*Supplied material*
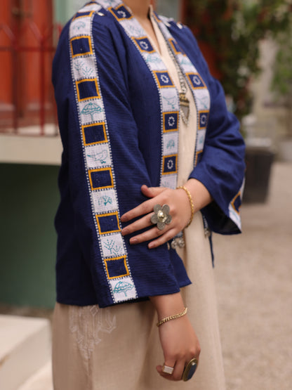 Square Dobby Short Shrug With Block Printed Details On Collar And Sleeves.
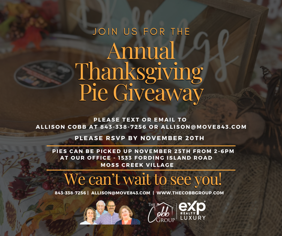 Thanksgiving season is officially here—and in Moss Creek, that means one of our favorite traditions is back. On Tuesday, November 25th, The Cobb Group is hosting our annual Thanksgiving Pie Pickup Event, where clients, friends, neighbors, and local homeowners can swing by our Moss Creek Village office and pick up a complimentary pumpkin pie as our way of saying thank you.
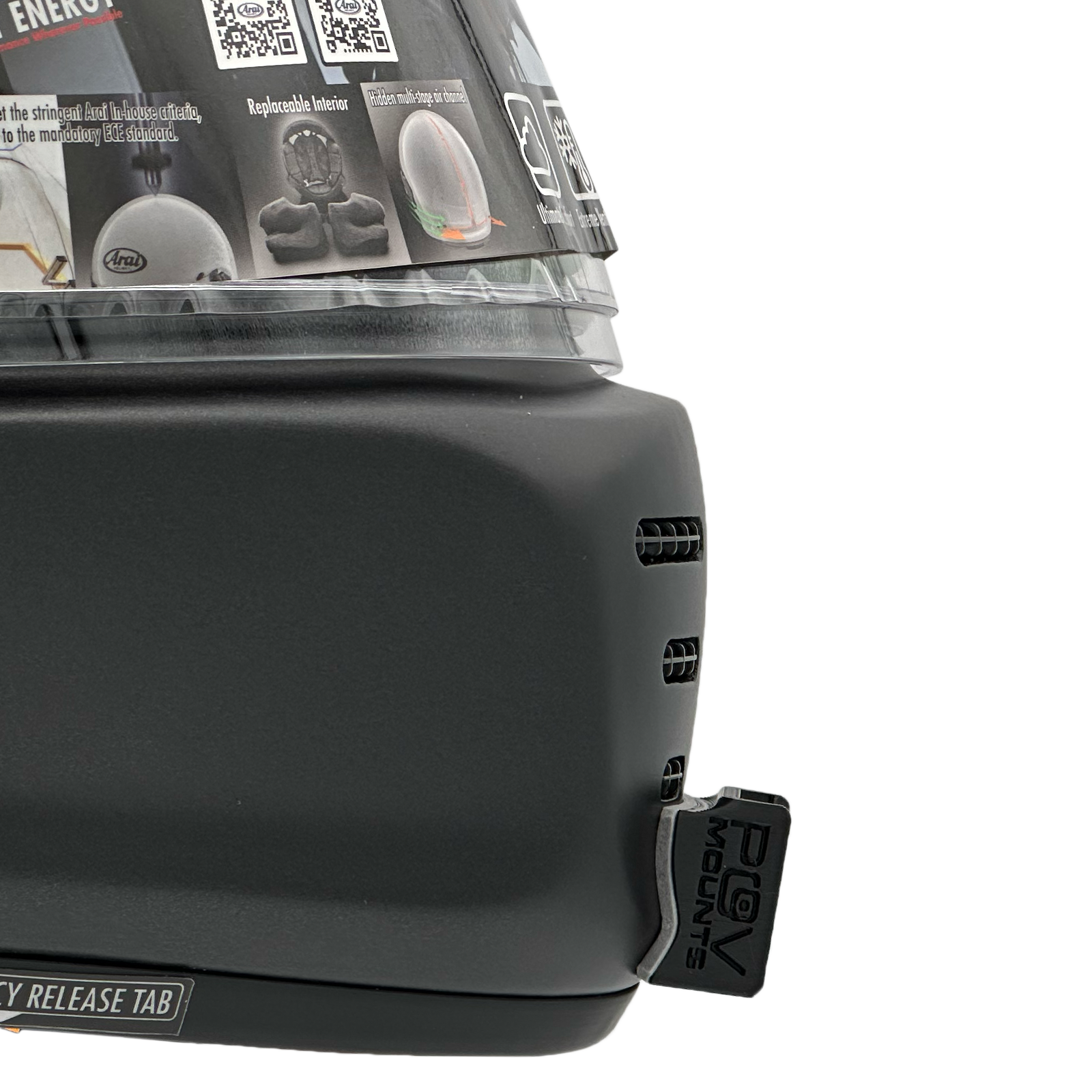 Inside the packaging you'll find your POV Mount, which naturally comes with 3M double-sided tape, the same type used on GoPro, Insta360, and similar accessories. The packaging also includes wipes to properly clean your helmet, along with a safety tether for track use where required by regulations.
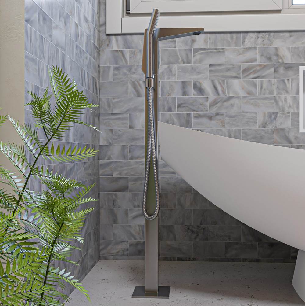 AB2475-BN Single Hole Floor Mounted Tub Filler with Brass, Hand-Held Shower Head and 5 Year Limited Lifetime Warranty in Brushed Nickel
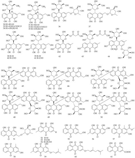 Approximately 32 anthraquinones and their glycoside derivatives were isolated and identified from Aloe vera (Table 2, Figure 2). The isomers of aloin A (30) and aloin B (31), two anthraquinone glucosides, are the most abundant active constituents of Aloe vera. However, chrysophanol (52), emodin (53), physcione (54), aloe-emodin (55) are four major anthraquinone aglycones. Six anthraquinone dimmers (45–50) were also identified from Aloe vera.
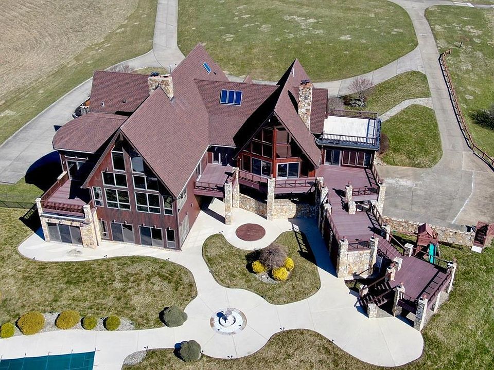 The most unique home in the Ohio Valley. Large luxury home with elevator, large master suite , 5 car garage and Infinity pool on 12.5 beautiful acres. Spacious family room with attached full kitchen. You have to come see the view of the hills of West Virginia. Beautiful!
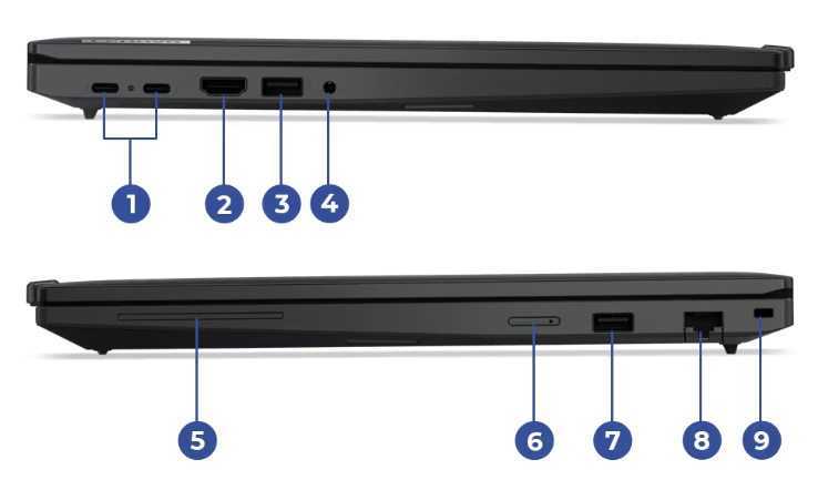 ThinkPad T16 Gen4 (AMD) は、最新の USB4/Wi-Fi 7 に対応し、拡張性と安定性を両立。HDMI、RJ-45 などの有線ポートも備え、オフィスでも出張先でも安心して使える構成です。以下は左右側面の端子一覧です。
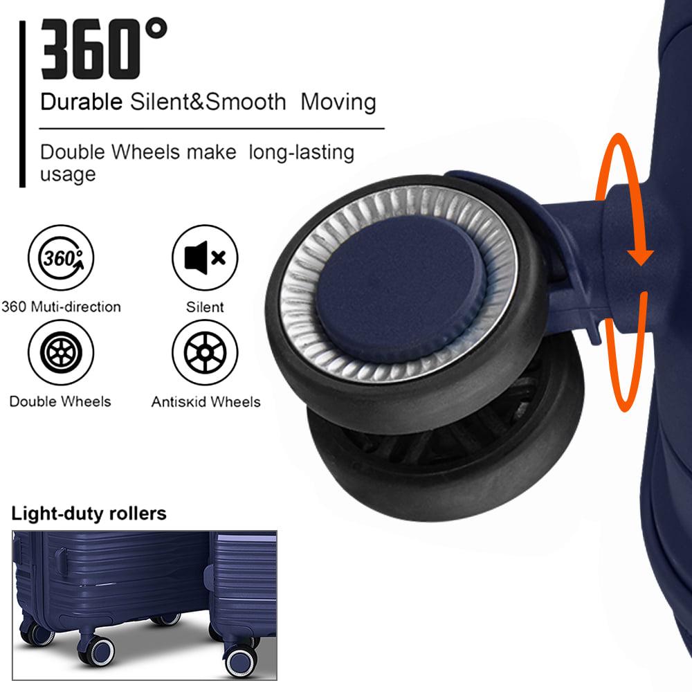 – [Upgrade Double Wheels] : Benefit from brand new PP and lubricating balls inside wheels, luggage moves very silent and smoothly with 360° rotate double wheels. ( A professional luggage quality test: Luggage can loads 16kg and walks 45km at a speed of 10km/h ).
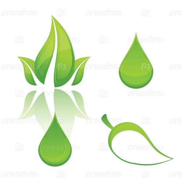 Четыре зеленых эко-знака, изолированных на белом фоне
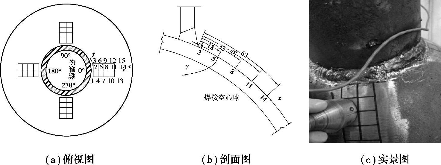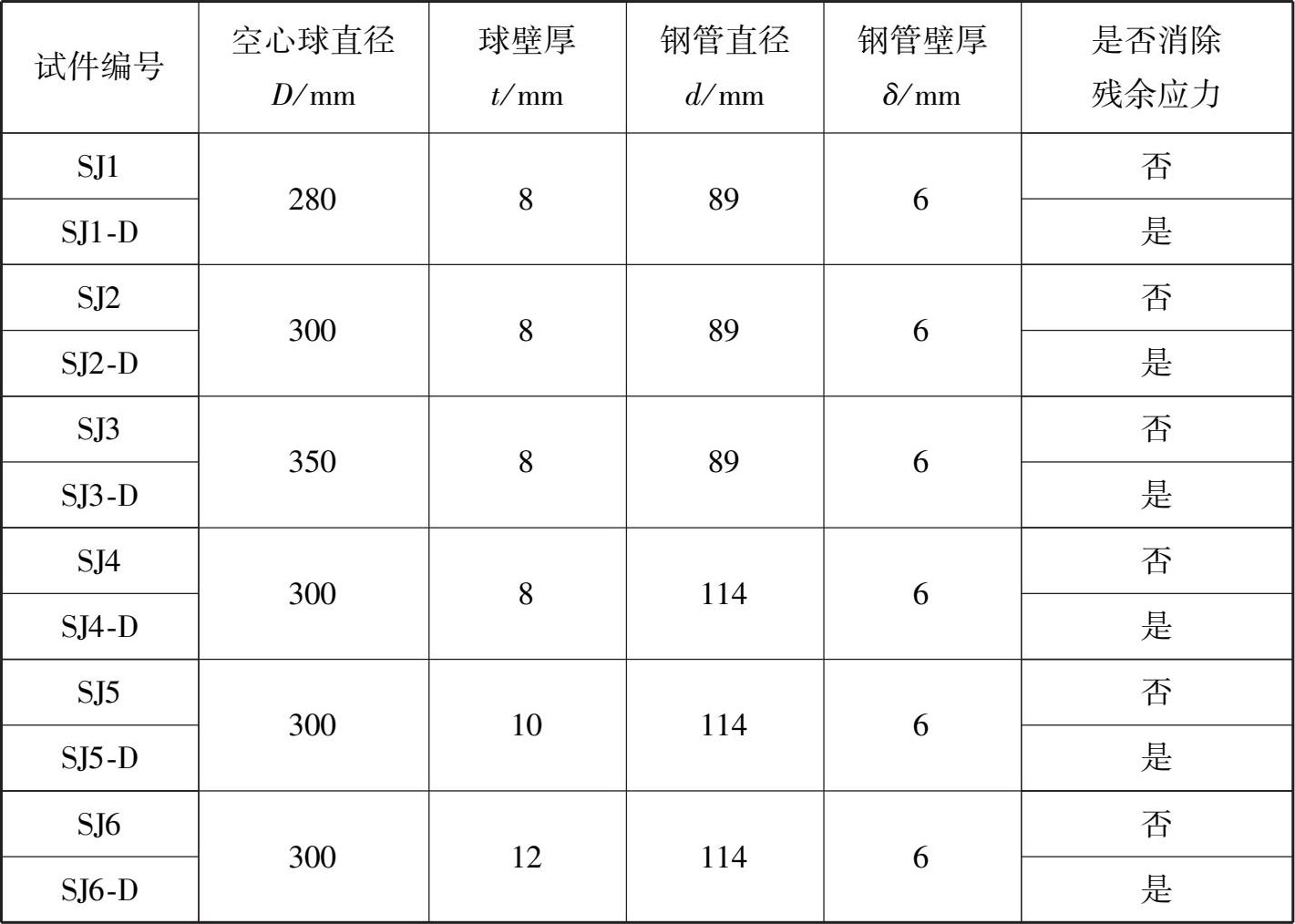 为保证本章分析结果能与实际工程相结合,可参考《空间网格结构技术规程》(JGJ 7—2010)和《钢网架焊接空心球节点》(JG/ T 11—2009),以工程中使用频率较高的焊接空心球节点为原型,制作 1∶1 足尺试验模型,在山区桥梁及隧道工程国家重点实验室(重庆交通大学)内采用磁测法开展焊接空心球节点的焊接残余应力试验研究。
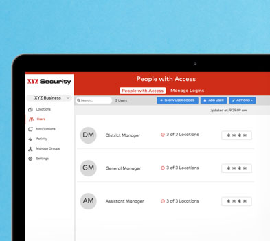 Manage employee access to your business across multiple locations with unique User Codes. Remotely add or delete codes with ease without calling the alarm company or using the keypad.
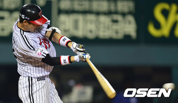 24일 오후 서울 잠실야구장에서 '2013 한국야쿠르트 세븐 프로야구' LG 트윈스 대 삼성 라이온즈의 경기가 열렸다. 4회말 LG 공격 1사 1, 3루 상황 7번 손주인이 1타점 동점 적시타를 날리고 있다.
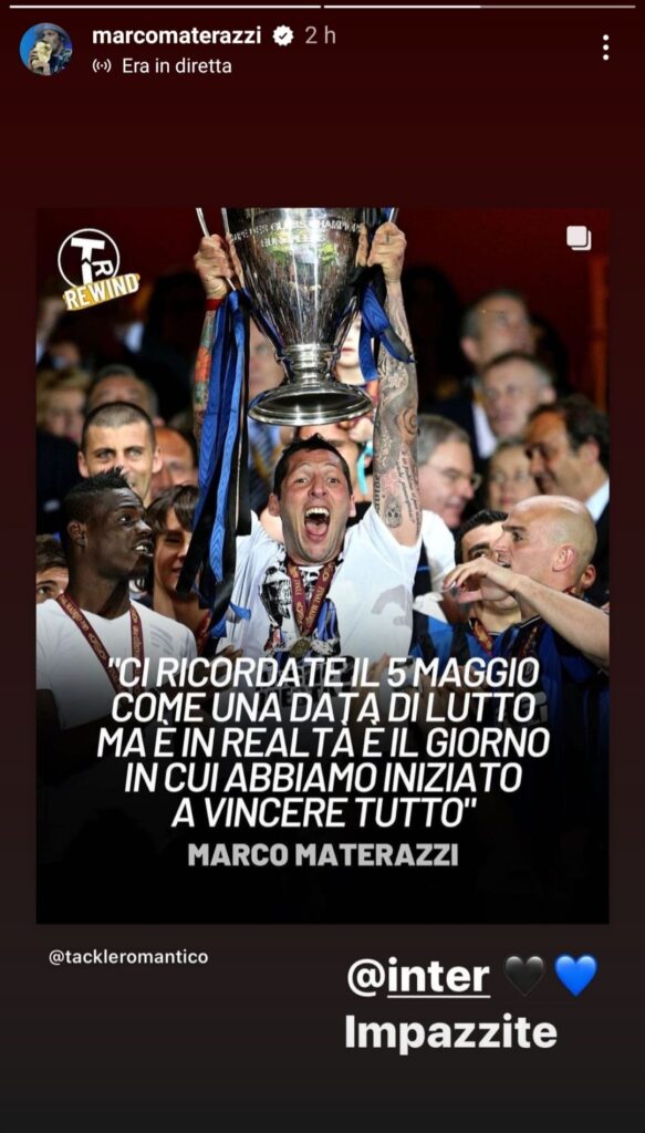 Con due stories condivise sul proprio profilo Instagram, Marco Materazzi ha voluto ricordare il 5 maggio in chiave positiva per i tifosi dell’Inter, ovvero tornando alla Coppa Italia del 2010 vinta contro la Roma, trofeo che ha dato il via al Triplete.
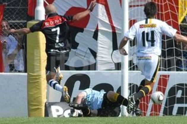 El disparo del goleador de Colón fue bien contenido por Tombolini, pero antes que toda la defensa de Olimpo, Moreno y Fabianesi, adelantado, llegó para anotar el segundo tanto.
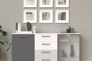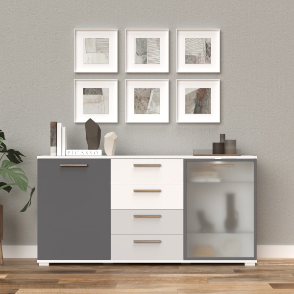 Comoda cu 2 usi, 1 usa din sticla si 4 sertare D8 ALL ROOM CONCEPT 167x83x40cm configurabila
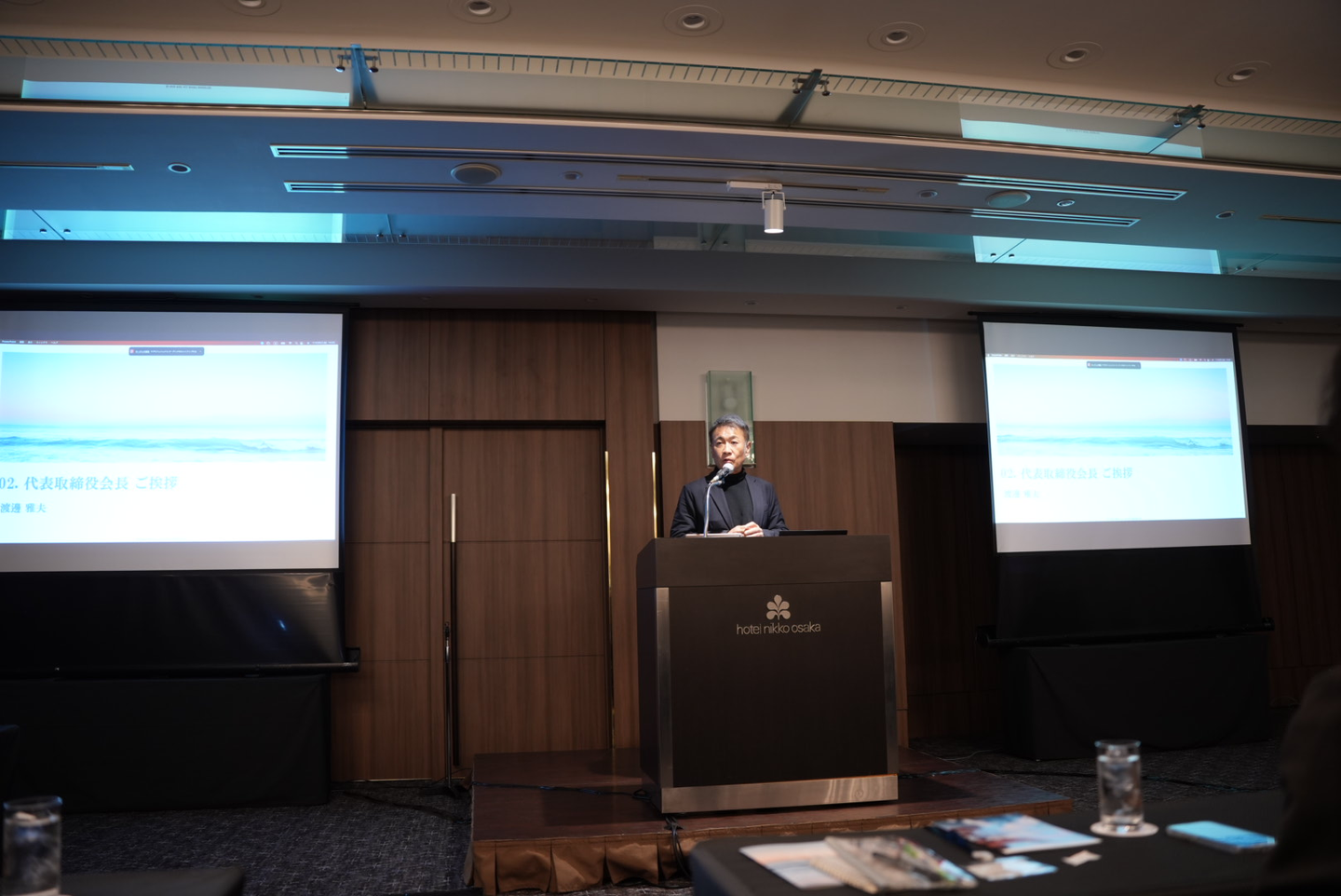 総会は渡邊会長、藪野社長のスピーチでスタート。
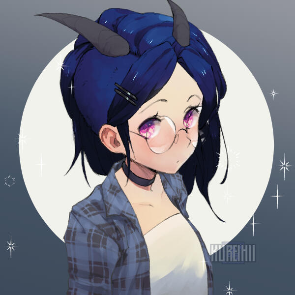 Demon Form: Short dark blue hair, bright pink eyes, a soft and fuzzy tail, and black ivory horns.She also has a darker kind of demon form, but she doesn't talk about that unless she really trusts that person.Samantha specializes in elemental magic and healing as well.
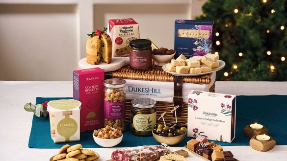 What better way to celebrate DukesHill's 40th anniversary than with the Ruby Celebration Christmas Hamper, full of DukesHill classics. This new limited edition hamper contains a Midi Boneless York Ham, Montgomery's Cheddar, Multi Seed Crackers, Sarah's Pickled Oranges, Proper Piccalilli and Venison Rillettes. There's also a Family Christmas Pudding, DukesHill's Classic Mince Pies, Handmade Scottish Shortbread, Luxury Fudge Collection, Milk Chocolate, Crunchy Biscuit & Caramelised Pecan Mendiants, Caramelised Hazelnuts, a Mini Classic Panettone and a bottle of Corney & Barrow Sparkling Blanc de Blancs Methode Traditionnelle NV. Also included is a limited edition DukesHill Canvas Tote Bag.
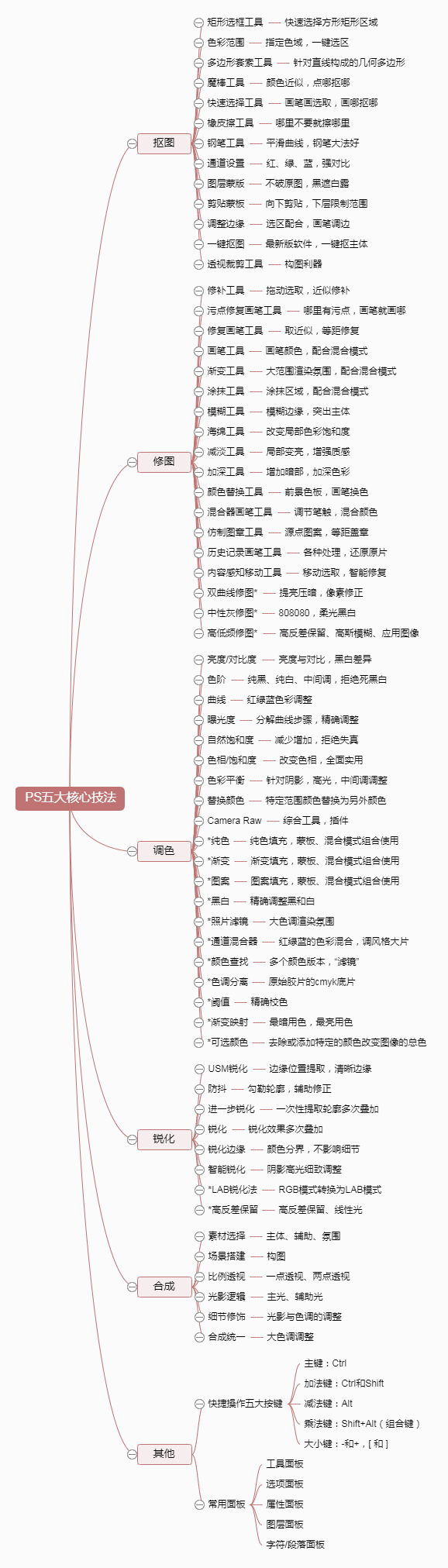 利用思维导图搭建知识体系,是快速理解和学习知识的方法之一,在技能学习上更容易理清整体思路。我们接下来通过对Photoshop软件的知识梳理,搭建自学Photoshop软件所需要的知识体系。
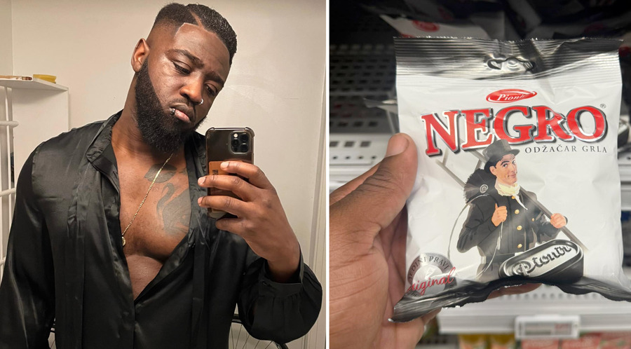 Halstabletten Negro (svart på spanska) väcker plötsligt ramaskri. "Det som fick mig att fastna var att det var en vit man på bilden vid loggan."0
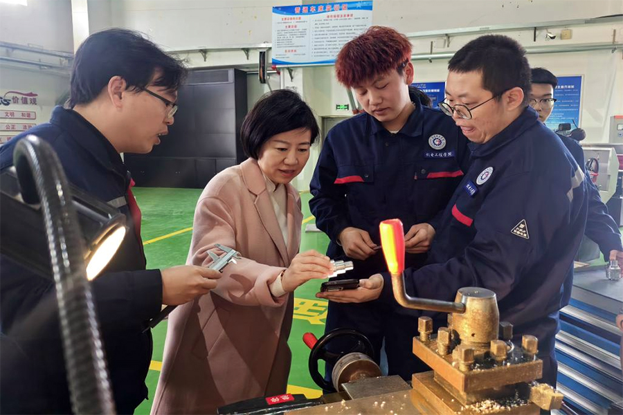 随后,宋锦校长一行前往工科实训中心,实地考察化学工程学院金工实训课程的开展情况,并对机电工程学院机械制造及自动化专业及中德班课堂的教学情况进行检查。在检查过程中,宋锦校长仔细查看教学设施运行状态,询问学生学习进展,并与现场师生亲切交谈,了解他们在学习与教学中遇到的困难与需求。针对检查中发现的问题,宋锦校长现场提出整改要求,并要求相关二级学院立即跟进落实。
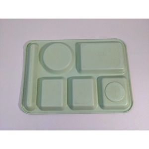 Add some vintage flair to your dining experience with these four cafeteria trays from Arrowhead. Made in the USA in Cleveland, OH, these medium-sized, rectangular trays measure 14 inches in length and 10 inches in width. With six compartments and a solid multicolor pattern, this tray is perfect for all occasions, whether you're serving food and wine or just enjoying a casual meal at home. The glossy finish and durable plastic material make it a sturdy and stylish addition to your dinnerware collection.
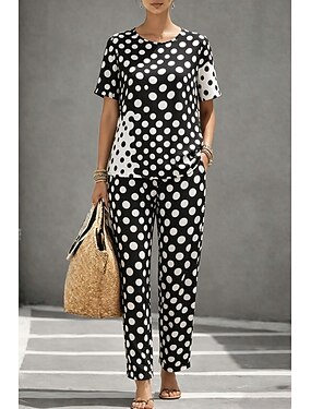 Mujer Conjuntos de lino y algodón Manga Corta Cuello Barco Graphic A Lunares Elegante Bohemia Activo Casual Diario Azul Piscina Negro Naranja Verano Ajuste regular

*Work order*
Output exactly the lines above that lie between the line with "What better way" and the line with "Add some vintage", those two lines included, and no pictures.

*Response area*
 What better way to celebrate DukesHill's 40th anniversary than with the Ruby Celebration Christmas Hamper, full of DukesHill classics. This new limited edition hamper contains a Midi Boneless York Ham, Montgomery's Cheddar, Multi Seed Crackers, Sarah's Pickled Oranges, Proper Piccalilli and Venison Rillettes. There's also a Family Christmas Pudding, DukesHill's Classic Mince Pies, Handmade Scottish Shortbread, Luxury Fudge Collection, Milk Chocolate, Crunchy Biscuit & Caramelised Pecan Mendiants, Caramelised Hazelnuts, a Mini Classic Panettone and a bottle of Corney & Barrow Sparkling Blanc de Blancs Methode Traditionnelle NV. Also included is a limited edition DukesHill Canvas Tote Bag.
 利用思维导图搭建知识体系,是快速理解和学习知识的方法之一,在技能学习上更容易理清整体思路。我们接下来通过对Photoshop软件的知识梳理,搭建自学Photoshop软件所需要的知识体系。
 Halstabletten Negro (svart på spanska) väcker plötsligt ramaskri. "Det som fick mig att fastna var att det var en vit man på bilden vid loggan."0
 随后,宋锦校长一行前往工科实训中心,实地考察化学工程学院金工实训课程的开展情况,并对机电工程学院机械制造及自动化专业及中德班课堂的教学情况进行检查。在检查过程中,宋锦校长仔细查看教学设施运行状态,询问学生学习进展,并与现场师生亲切交谈,了解他们在学习与教学中遇到的困难与需求。针对检查中发现的问题,宋锦校长现场提出整改要求,并要求相关二级学院立即跟进落实。
 Add some vintage flair to your dining experience with these four cafeteria trays from Arrowhead. Made in the USA in Cleveland, OH, these medium-sized, rectangular trays measure 14 inches in length and 10 inches in width. With six compartments and a solid multicolor pattern, this tray is perfect for all occasions, whether you're serving food and wine or just enjoying a casual meal at home. The glossy finish and durable plastic material make it a sturdy and stylish addition to your dinnerware collection.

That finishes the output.